● Exercise requirements
Word-for-word transcription needed. Include every entry below but no pictures.

● Data provided

==========

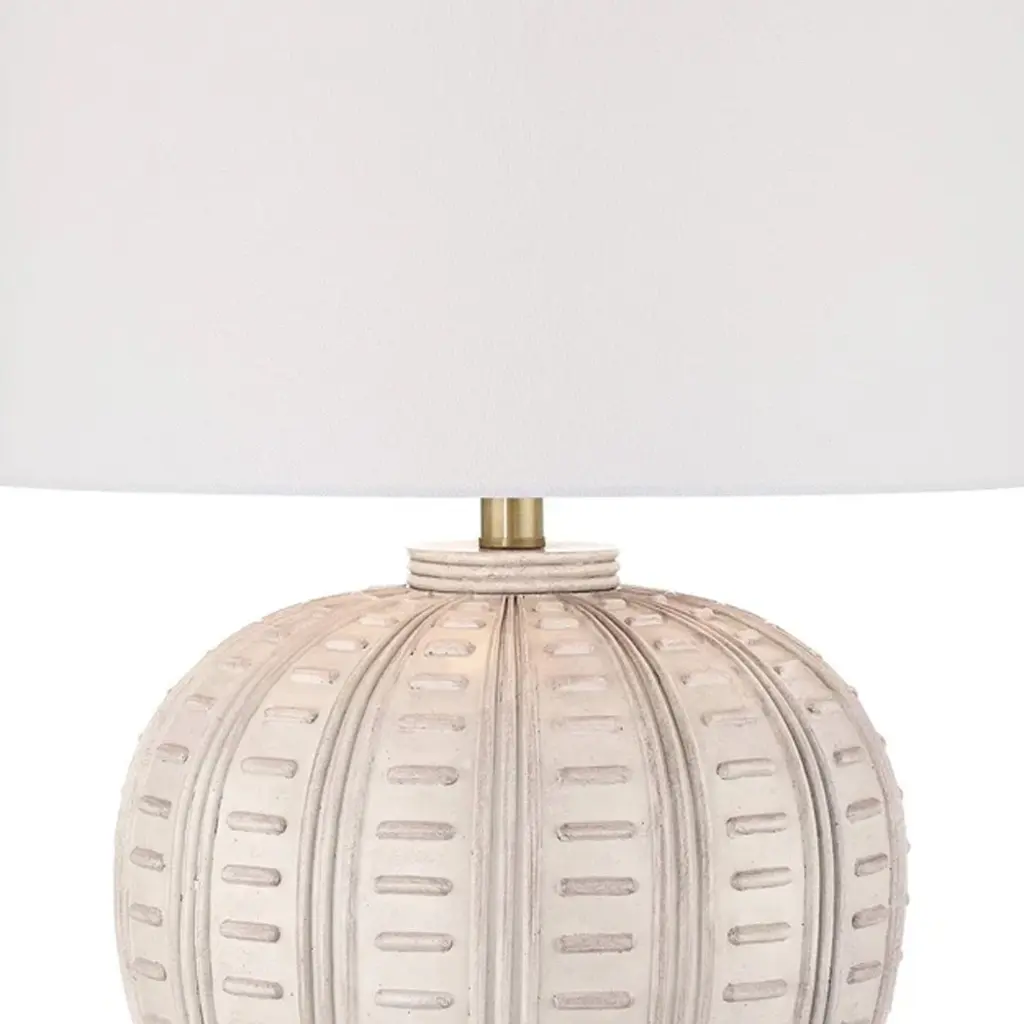 PRODUCT DETAILS: 24" high overall. Base is 6 1/2" wide. Drum shade is 16" wide across the top and bottom x 10" high. Weighs 8.7 lbs. Uses one maximum 150 watt standard-medium base 3-way light bulb (not included). 3-way socket switch. Casual style for coastal and modern room decor. Sand beige color lamp base with a decorative vertical and horizontal pattern. Cast resin construction. White fabric drum shade. 8-foot long cord.
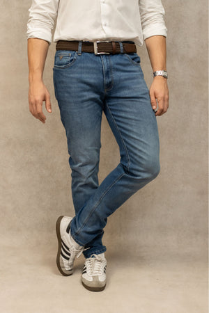 Este jean elástico es la prenda esencial para el hombre que busca el balance entre lo clásico y lo funcional.
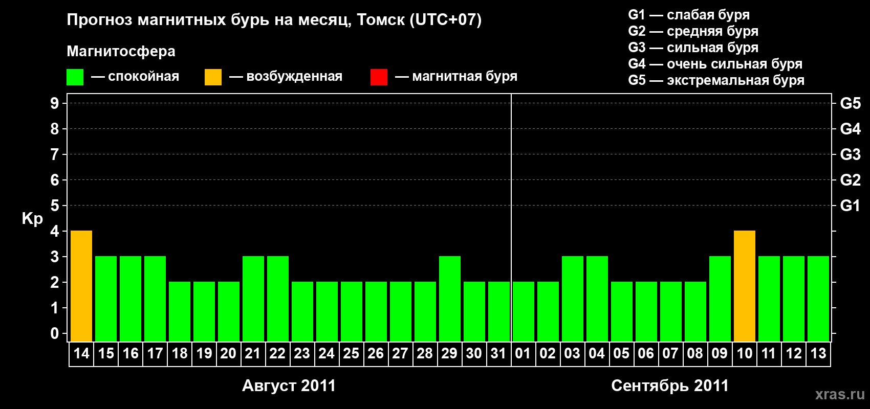 Прогноз магнитных бурь в Томске — 14 августа 2011 года
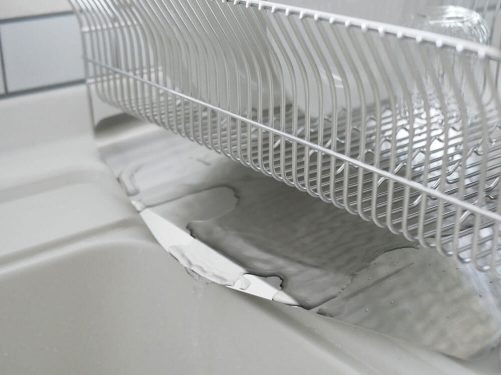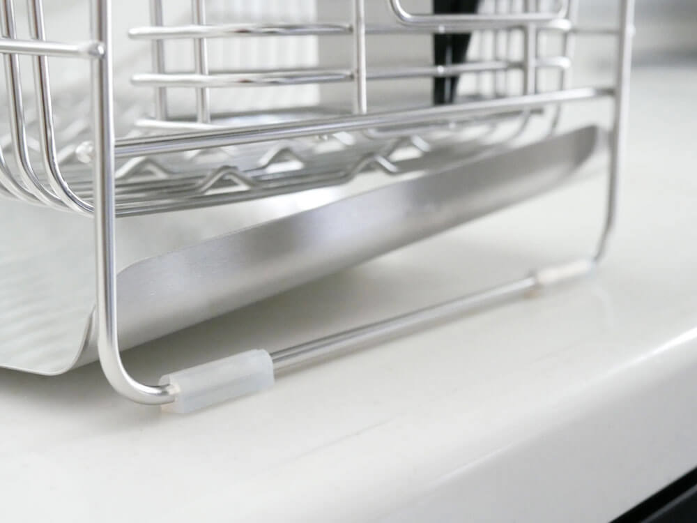 トレーには傾斜がついているので、洗い物から落ちた水分をトレーが受け止め、シンクにスルスルと流してくれます。
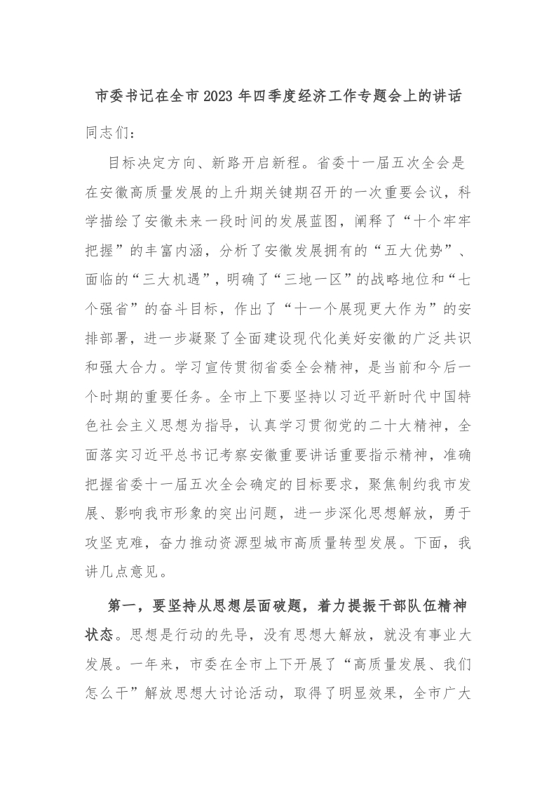 / 市委书记在全市2023年四季度经济工作专题会上的讲话
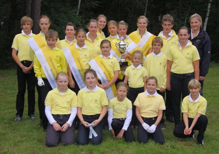Den Anfang machte Max Buße, der in der Klasse „Pony jung I“ mit seinem Pony Galotti sich an die Spitze setze. Schwester Leonie Buße zog nach und siegte mit Amaryllis in der Kategorie Pferd. Beide zeigten sich nicht nur im Vorführen mit sehr guten Leistungen, in der Theorie gab es bei beiden eine glatte 10 – da hat sich das Üben aber mehr als gelohnt! Aber auch Lena Edzards und Lea Brockmann holten für ihren Verein den Bezirksmeistertitel – Lena in der Klasse „Pony jung II“ mit Dino und Lea mit Aladin in der Klasse „Pony jung III“. Zudem siegte die Mannschaft Celle-Südheide II auch in der Mannschaftswertung. Alle Teilnehmer der Mannschaftswertung wurden auch einzeln in Abteilungen gewertet und hier machten die Celler Jungzüchter quasi den „Sack zu“: Ann-Kristin Knopp und Miriam Deecke holten die letzten der sieben Titel für den hiesigen PZV.
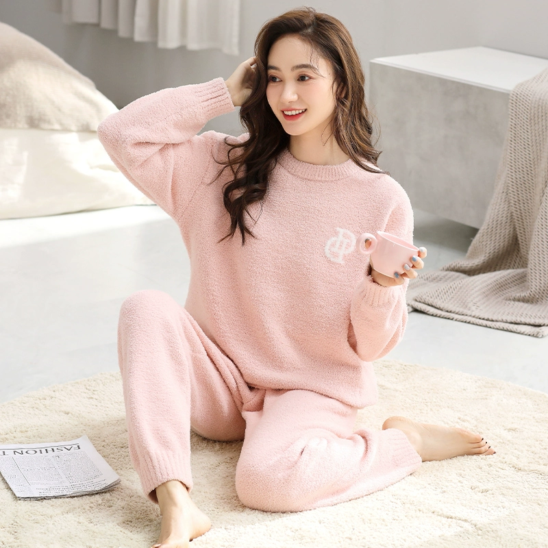 | nameOriginal | Warm and warm pajamas for women in winter new style half velvet plus velvet thickened warm winter simple casual home wear set |
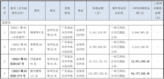 公司对上述案件的一审判决表示不满,并已依法向法院提起上诉。根据一审判决,公司需支付的赔偿金额总计约为人民币1.14亿元。
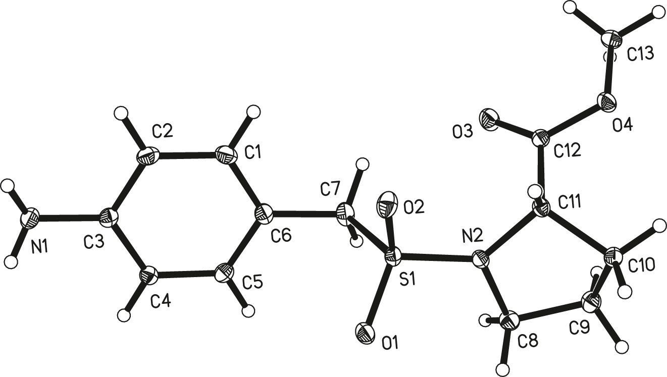 The ORTEP diagram is presented in the Figure. Bond lengths and angles are all in the expected ranges [6]. The whole molecule contains two parts, p-aminobenzenesulfonyl and methyl L-prolinate, linked by N(2)–S(1). The bond length of N(2)–S(1) is 1.6096(15) Å. The bond angle of C(7)–S(1)–N(2) is 106.80(8)° [7]. For the p-aminobenzenesulfonyl side, the amino group at the C(3) position is obtained by reduction of the nitro group, and can act as a proton donor and form hydrogen bonds with other atoms [8, 9]. For the methyl L-prolinate, the C(11) is the chiral center and the molecule adopts the L stereoselective configuration. The carboxyl methyl ester at the C(11) can improve the molecular lipid solubility.
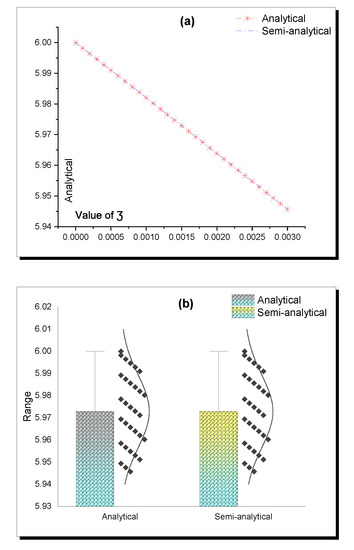 Moreover, the accuracy of constructed solutions where the analytical scheme is a new scheme was verified by applying the AD and EK semi-analytical methods based on the constructed analytical solutions to evaluate the initial and boundary conditions of the FNO equation. The accuracy of the analytical and semi-analytical solutions is explained in the above—Table 1, Table 2, Table 3, Table 4, Table 5 and Table 6 and is presented in Figure 4, Figure 5, Figure 6, Figure 7, Figure 8 and Figure 9.
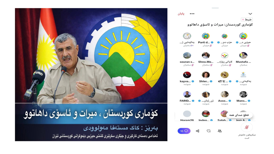 ڕۆژی پێنجشەممە ٢ی ڕێبەندانئ ١٤٠٤(٢٣/١/٢٠٢٦)، لەلایەن بەشی سۆشیاڵ میدیای دەرەوەی وڵاتی حیزبی دێموکراتەوە، سپەیسێک لە تۆڕی ئێکس بە ئامادەبوونی بەڕێز کاک مستەفا مەولوودی، جێگری سکرتێری گشتیی حیزبی دێموکراتی کوردستانی ئێران بەڕێوەچوو.
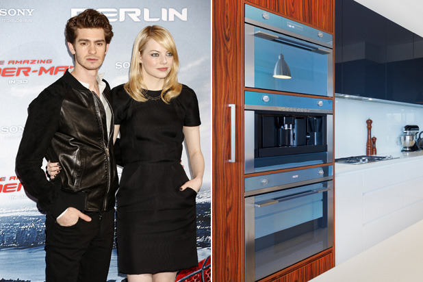 In the Beverly Hills, Calif., home that they share, Emma Stone and Andrew Garfield prepare meals in their massive white galley-style kitchen that features an opening into the dining room, and windows onto their lush gardens. Design features include wood-beamed ceilings and dark wood floors. Their appliances are stainless steel, nestled under white tiled countertops.
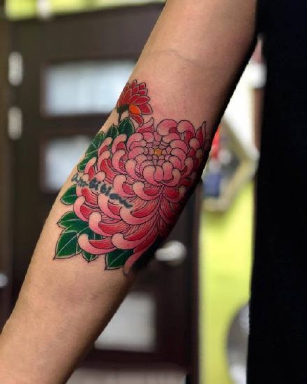 纹在手臂胳膊上的黑灰素花花卉纹身图案欣赏

==========

● Solution
 PRODUCT DETAILS: 24" high overall. Base is 6 1/2" wide. Drum shade is 16" wide across the top and bottom x 10" high. Weighs 8.7 lbs. Uses one maximum 150 watt standard-medium base 3-way light bulb (not included). 3-way socket switch. Casual style for coastal and modern room decor. Sand beige color lamp base with a decorative vertical and horizontal pattern. Cast resin construction. White fabric drum shade. 8-foot long cord.
 Este jean elástico es la prenda esencial para el hombre que busca el balance entre lo clásico y lo funcional.
 Прогноз магнитных бурь в Томске — 14 августа 2011 года
 トレーには傾斜がついているので、洗い物から落ちた水分をトレーが受け止め、シンクにスルスルと流してくれます。
 / 市委书记在全市2023年四季度经济工作专题会上的讲话
Den Anfang machte Max Buße, der in der Klasse „Pony jung I“ mit seinem Pony Galotti sich an die Spitze setze. Schwester Leonie Buße zog nach und siegte mit Amaryllis in der Kategorie Pferd. Beide zeigten sich nicht nur im Vorführen mit sehr guten Leistungen, in der Theorie gab es bei beiden eine glatte 10 – da hat sich das Üben aber mehr als gelohnt! Aber auch Lena Edzards und Lea Brockmann holten für ihren Verein den Bezirksmeistertitel – Lena in der Klasse „Pony jung II“ mit Dino und Lea mit Aladin in der Klasse „Pony jung III“. Zudem siegte die Mannschaft Celle-Südheide II auch in der Mannschaftswertung. Alle Teilnehmer der Mannschaftswertung wurden auch einzeln in Abteilungen gewertet und hier machten die Celler Jungzüchter quasi den „Sack zu“: Ann-Kristin Knopp und Miriam Deecke holten die letzten der sieben Titel für den hiesigen PZV.
 | nameOriginal | Warm and warm pajamas for women in winter new style half velvet plus velvet thickened warm winter simple casual home wear set |
 公司对上述案件的一审判决表示不满,并已依法向法院提起上诉。根据一审判决,公司需支付的赔偿金额总计约为人民币1.14亿元。
 The ORTEP diagram is presented in the Figure. Bond lengths and angles are all in the expected ranges [6]. The whole molecule contains two parts, p-aminobenzenesulfonyl and methyl L-prolinate, linked by N(2)–S(1). The bond length of N(2)–S(1) is 1.6096(15) Å. The bond angle of C(7)–S(1)–N(2) is 106.80(8)° [7]. For the p-aminobenzenesulfonyl side, the amino group at the C(3) position is obtained by reduction of the nitro group, and can act as a proton donor and form hydrogen bonds with other atoms [8, 9]. For the methyl L-prolinate, the C(11) is the chiral center and the molecule adopts the L stereoselective configuration. The carboxyl methyl ester at the C(11) can improve the molecular lipid solubility.
 Moreover, the accuracy of constructed solutions where the analytical scheme is a new scheme was verified by applying the AD and EK semi-analytical methods based on the constructed analytical solutions to evaluate the initial and boundary conditions of the FNO equation. The accuracy of the analytical and semi-analytical solutions is explained in the above—Table 1, Table 2, Table 3, Table 4, Table 5 and Table 6 and is presented in Figure 4, Figure 5, Figure 6, Figure 7, Figure 8 and Figure 9.
 ڕۆژی پێنجشەممە ٢ی ڕێبەندانئ ١٤٠٤(٢٣/١/٢٠٢٦)، لەلایەن بەشی سۆشیاڵ میدیای دەرەوەی وڵاتی حیزبی دێموکراتەوە، سپەیسێک لە تۆڕی ئێکس بە ئامادەبوونی بەڕێز کاک مستەفا مەولوودی، جێگری سکرتێری گشتیی حیزبی دێموکراتی کوردستانی ئێران بەڕێوەچوو.
 In the Beverly Hills, Calif., home that they share, Emma Stone and Andrew Garfield prepare meals in their massive white galley-style kitchen that features an opening into the dining room, and windows onto their lush gardens. Design features include wood-beamed ceilings and dark wood floors. Their appliances are stainless steel, nestled under white tiled countertops.
 纹在手臂胳膊上的黑灰素花花卉纹身图案欣赏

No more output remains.